- _Brief_
Although the records contain pictures, the copy should leave them out and match everything else exactly.
|---|
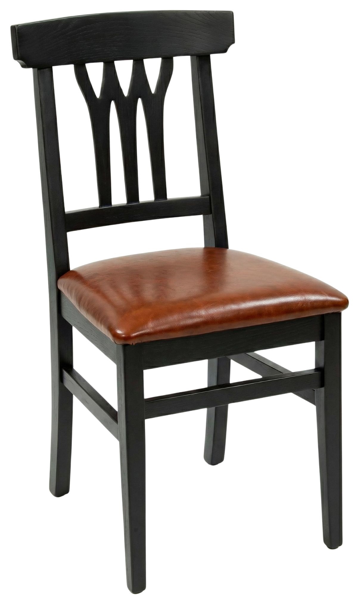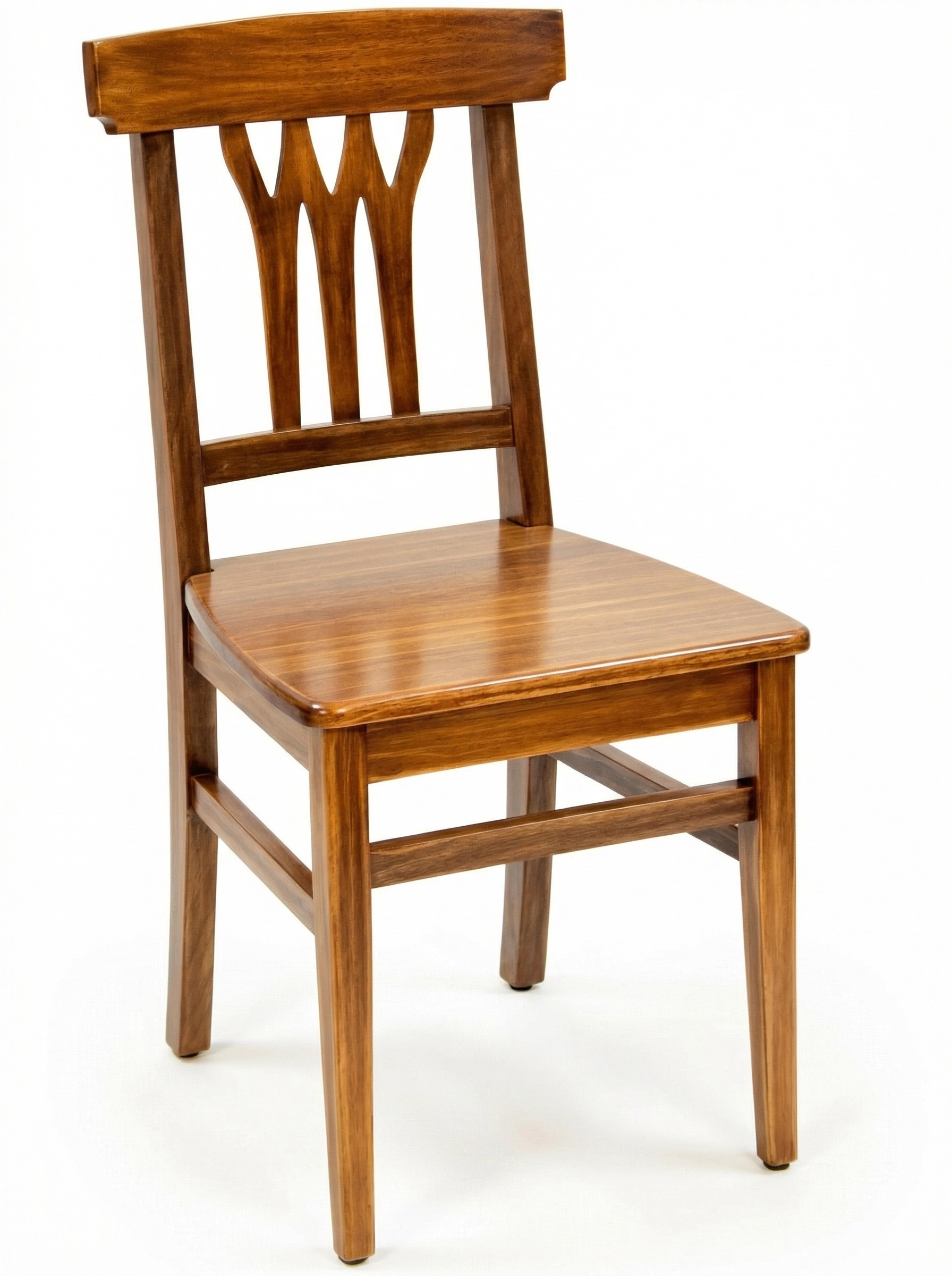 Modelo da Linha Américas com estrutura em madeira maciça, encosto vazado de desenho marcante e assento estofado easy-clean. Une resistência profissional, fácil manutenção e visual clássico para uso intenso em restaurantes, churrascarias e ambientes comerciais.
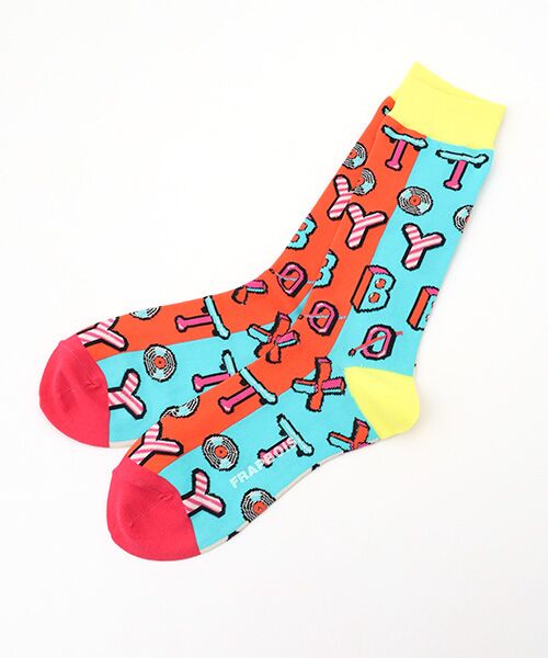 【素材】伸縮性と発色性の良い糸を使って繊細なテーマのロゴ「トイボックス」を柄で表現したソックス。【デザイン】ベース自体もカラーパネルに仕上げ、そこに繊細なテーマロゴ「TOY BOX」の柄を入れ込んだソックス。少しレトロでポップな雰囲気がスタイリングのアクセントになってくれます。*こちらの商品はユニセックス商品です。Fサイズ:24~27㎝【ブランド情報】FRAPBOIS/フラボア2001年にブランドスタート。「大人げない大人の服」をコンセプトに、大人が着るリラックスしたデイリーウェアを提案するコレクションブランド。レディースとメンズのアイテムをご用意しています。FRAPBOIS official website
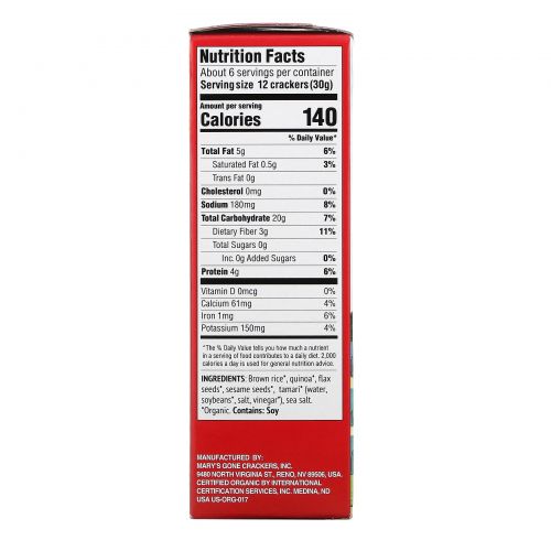 Описание товара Mary's Gone Crackers, Настоящие крекеры, 6,5 унции (184 г)
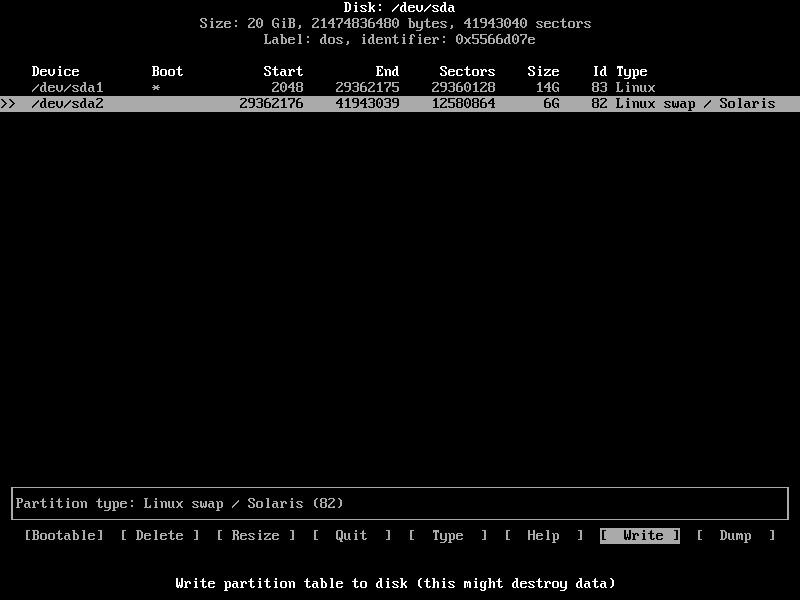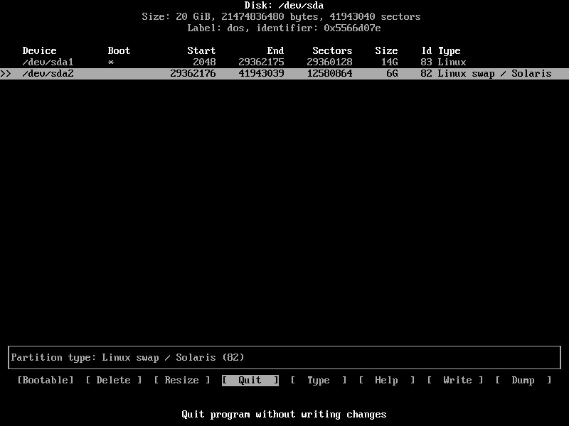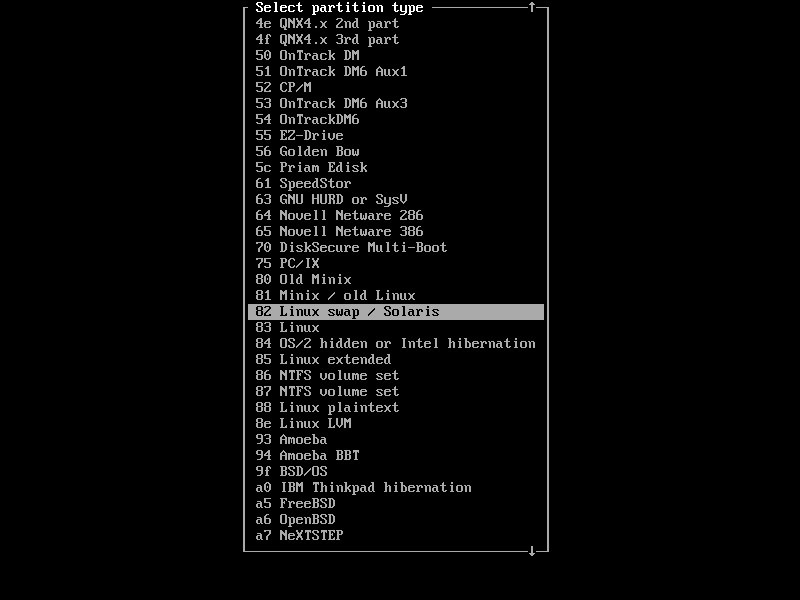 9.在列表中向下滾動(dòng),直到找到82Linux swap / Solaris。按Enter確認(rèn)。這將創(chuàng)建一個(gè)交換空間分區(qū)。
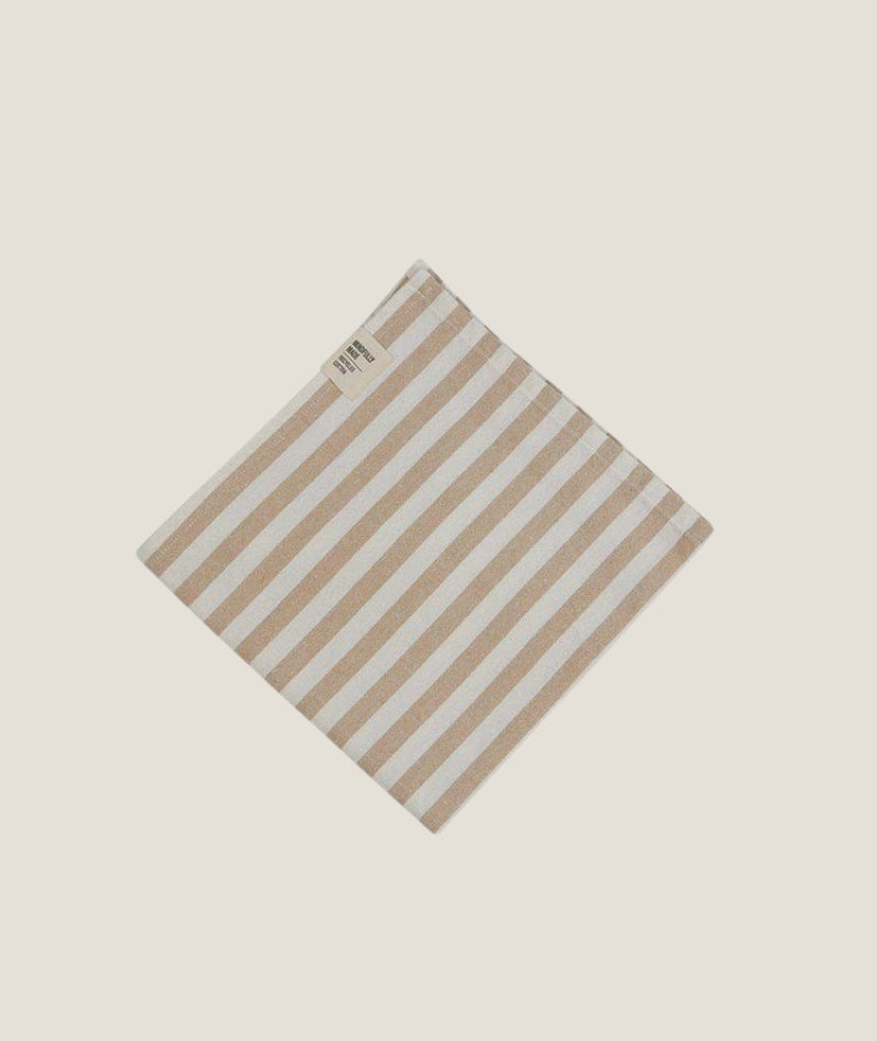 Fondaco's servett "Svea" i en fräsch sand färg med en klassisk rand är en enastående inredningsdetalj som kombinerar skönhet och funktionalitet. Denna servett ger en touch av naturens friskhet till din servering och ger en fridfull och inbjudande atmosfär.
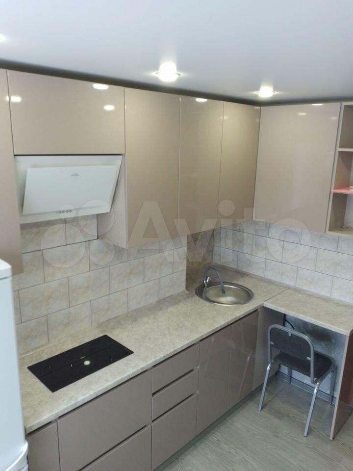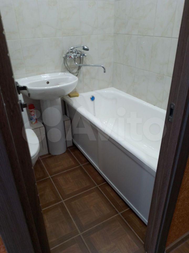 Кухня компактная, оснащена необходимой бытовой техникой: холодильником, микроволновой печью и стиральной машиной. Санузел совмещенный, оформлен в светлых тонах. Из окон открывается вид на тихий двор с открытой парковкой.
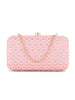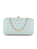 Steal the spotlight with this Box Clutch from the Hue collection. It features a Polka Dot Embroidered pattern on Faux Silk fabric. Has a Detachable Shoulder strap secured with a Click closure.
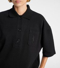 This Saint Laurent polo shirt is crafted from pure cotton and designed with an oversized silhouette for ultimate comfort. The front patch pocket boasts the YSL monogram, which consists of the intertwined initials of Saint Laurent's founder. Product Details - Material: 100% cotton - Care instructions: dry clean - Made in Italy - Designer color name: Noir - Item color: black - Embroidery: 100% polyester - Collar: polo collar - Closure: partially buttoned front - Pockets: patch pockets - Item number: P01086664 Size & Fit - True to size - For a closer fit, we recommend taking one size down - Dropped shoulders - Oversized - Non-stretchy fabric - Falls below the hip - The model seen in the picture is 178cm-5'10" and wearing a size XS
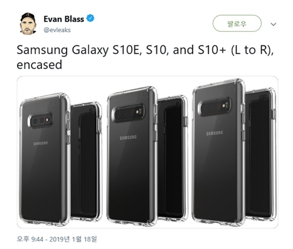 그런데 19일(현지시각) 유출된 프레스(언론)용 갤럭시S10시리즈 렌더링 사진을 보면 갤럭시S10E모델 지문센서가 측면에 들어간다는 것을 추정해 볼 수 있다.
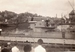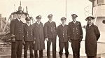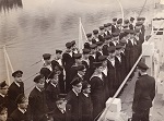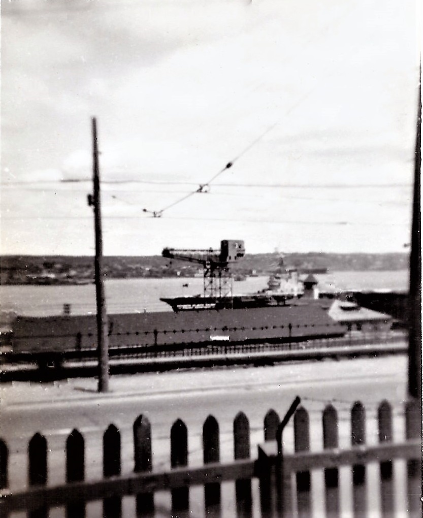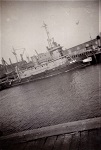 (DM21) Looking forward on unknown ship (DM22) Unknown aircraft carrier alongside in Halifax (DM23) Unknown tug moving barge with bi-planes (DM24-DM25) Crew mustered on quarterdeck of unknown frigate
|---|
- _Your response_
 Modelo da Linha Américas com estrutura em madeira maciça, encosto vazado de desenho marcante e assento estofado easy-clean. Une resistência profissional, fácil manutenção e visual clássico para uso intenso em restaurantes, churrascarias e ambientes comerciais.
 【素材】伸縮性と発色性の良い糸を使って繊細なテーマのロゴ「トイボックス」を柄で表現したソックス。【デザイン】ベース自体もカラーパネルに仕上げ、そこに繊細なテーマロゴ「TOY BOX」の柄を入れ込んだソックス。少しレトロでポップな雰囲気がスタイリングのアクセントになってくれます。*こちらの商品はユニセックス商品です。Fサイズ:24~27㎝【ブランド情報】FRAPBOIS/フラボア2001年にブランドスタート。「大人げない大人の服」をコンセプトに、大人が着るリラックスしたデイリーウェアを提案するコレクションブランド。レディースとメンズのアイテムをご用意しています。FRAPBOIS official website
 Описание товара Mary's Gone Crackers, Настоящие крекеры, 6,5 унции (184 г)
 9.在列表中向下滾動(dòng),直到找到82Linux swap / Solaris。按Enter確認(rèn)。這將創(chuàng)建一個(gè)交換空間分區(qū)。
 Fondaco's servett "Svea" i en fräsch sand färg med en klassisk rand är en enastående inredningsdetalj som kombinerar skönhet och funktionalitet. Denna servett ger en touch av naturens friskhet till din servering och ger en fridfull och inbjudande atmosfär.
 Кухня компактная, оснащена необходимой бытовой техникой: холодильником, микроволновой печью и стиральной машиной. Санузел совмещенный, оформлен в светлых тонах. Из окон открывается вид на тихий двор с открытой парковкой.
 Steal the spotlight with this Box Clutch from the Hue collection. It features a Polka Dot Embroidered pattern on Faux Silk fabric. Has a Detachable Shoulder strap secured with a Click closure.
 This Saint Laurent polo shirt is crafted from pure cotton and designed with an oversized silhouette for ultimate comfort. The front patch pocket boasts the YSL monogram, which consists of the intertwined initials of Saint Laurent's founder. Product Details - Material: 100% cotton - Care instructions: dry clean - Made in Italy - Designer color name: Noir - Item color: black - Embroidery: 100% polyester - Collar: polo collar - Closure: partially buttoned front - Pockets: patch pockets - Item number: P01086664 Size & Fit - True to size - For a closer fit, we recommend taking one size down - Dropped shoulders - Oversized - Non-stretchy fabric - Falls below the hip - The model seen in the picture is 178cm-5'10" and wearing a size XS
 그런데 19일(현지시각) 유출된 프레스(언론)용 갤럭시S10시리즈 렌더링 사진을 보면 갤럭시S10E모델 지문센서가 측면에 들어간다는 것을 추정해 볼 수 있다.
 (DM21) Looking forward on unknown ship (DM22) Unknown aircraft carrier alongside in Halifax (DM23) Unknown tug moving barge with bi-planes (DM24-DM25) Crew mustered on quarterdeck of unknown frigate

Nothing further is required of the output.